* Required action *
Restate the listing below word for word, omitting any images.

* Raw data *
-- Opening Marker --

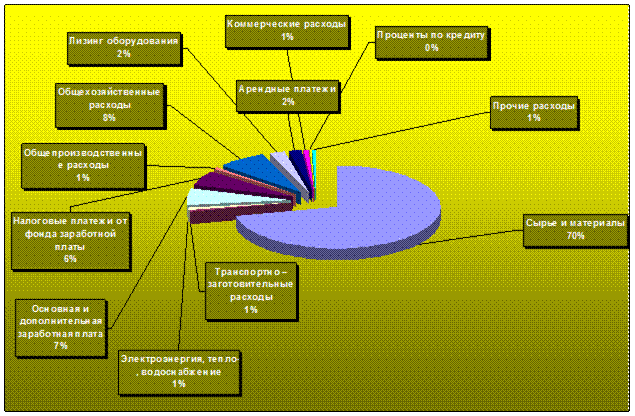 Рост цен на сырье приведет к росту себестоимости продукции. Учитывая, что в продукции данная статья калькуляции имеет удельный вес 33 %, для предприятия это существенно.
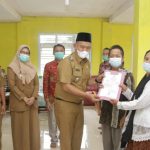PRINGSEWU – Bupati Pringsewu Sujadi, Kamis (13/1/2022), menyerahkan Surat Pernyataan Hibah atas tanah seluas tiga hektar kepada Kementerian Agama. Penyerahan surat pernyataan
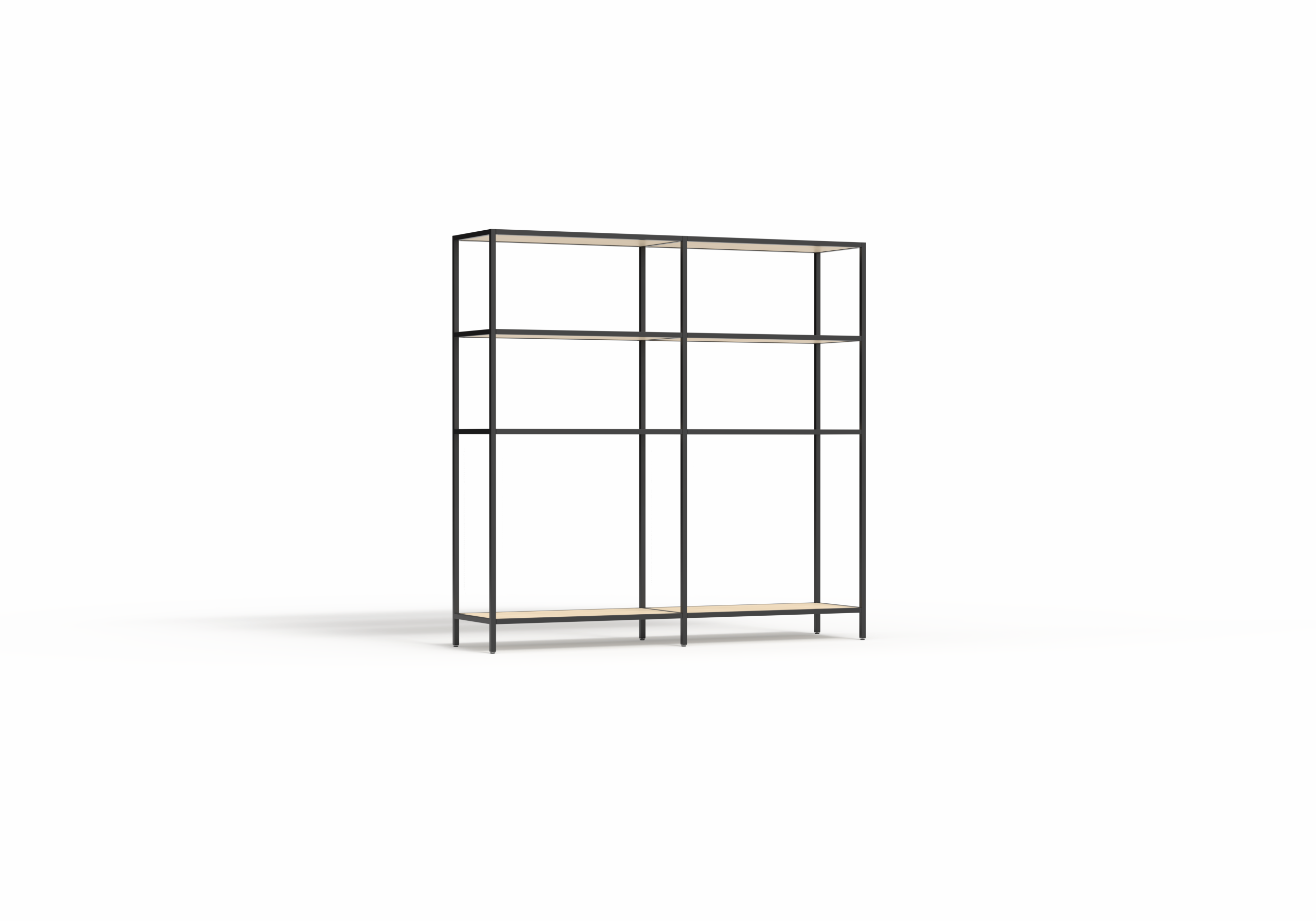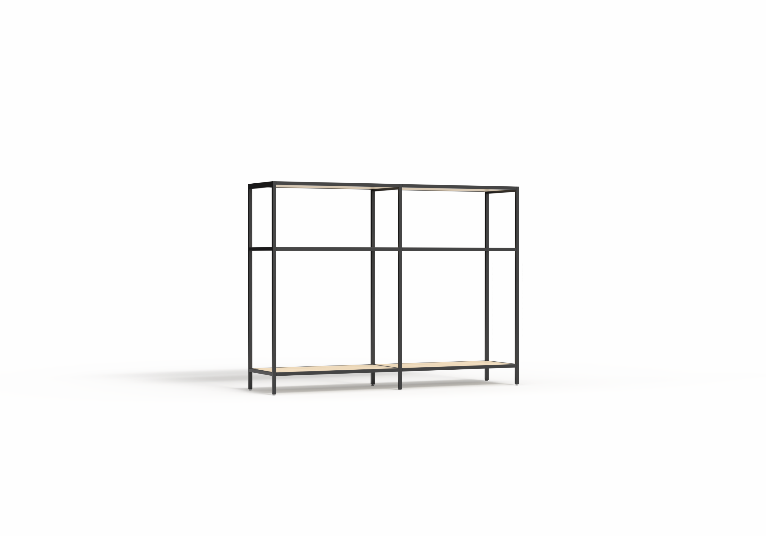 The Rhodes Modular Shelving system is a premium open shelving solution designed for effortless assembly and limitless reconfiguration. Engineered to create dynamic, functional zones with a light-filled, open feel, Rhodes empowers designers and facilities managers to define space, integrate natural elements, and transition seamlessly between work, storage, and display functions. This 2-bay configuration provides a 1680mm wide shelving run available in 2000mm or 2400mm heights to suit standard or high-ceiling environments.
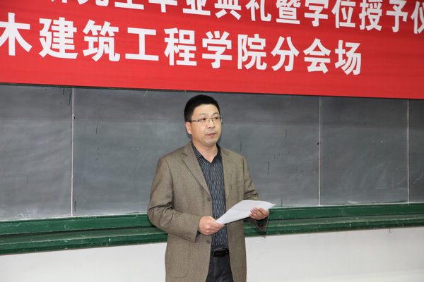 毕业典礼在庄严的国歌中拉开序幕,刘云贺院长首先致辞,他对顺利完成学业的毕业生们表示热烈祝贺,向为学生成长倾注心血的研究生导师们表示诚挚的感谢,并对即将步入社会、踏上人生新征程的研究生们提出了期望,他希望同学们继续弘扬“艰苦奋斗、自强不息”的学校精神,志存高远、热爱生活,勇于创新,脚踏实地,知行统一,不断进取,成为对社会、国家有贡献的人。

-- Closing Marker --

* Task answer *
 Рост цен на сырье приведет к росту себестоимости продукции. Учитывая, что в продукции данная статья калькуляции имеет удельный вес 33 %, для предприятия это существенно.
PRINGSEWU – Bupati Pringsewu Sujadi, Kamis (13/1/2022), menyerahkan Surat Pernyataan Hibah atas tanah seluas tiga hektar kepada Kementerian Agama. Penyerahan surat pernyataan
 The Rhodes Modular Shelving system is a premium open shelving solution designed for effortless assembly and limitless reconfiguration. Engineered to create dynamic, functional zones with a light-filled, open feel, Rhodes empowers designers and facilities managers to define space, integrate natural elements, and transition seamlessly between work, storage, and display functions. This 2-bay configuration provides a 1680mm wide shelving run available in 2000mm or 2400mm heights to suit standard or high-ceiling environments.
 毕业典礼在庄严的国歌中拉开序幕,刘云贺院长首先致辞,他对顺利完成学业的毕业生们表示热烈祝贺,向为学生成长倾注心血的研究生导师们表示诚挚的感谢,并对即将步入社会、踏上人生新征程的研究生们提出了期望,他希望同学们继续弘扬“艰苦奋斗、自强不息”的学校精神,志存高远、热爱生活,勇于创新,脚踏实地,知行统一,不断进取,成为对社会、国家有贡献的人。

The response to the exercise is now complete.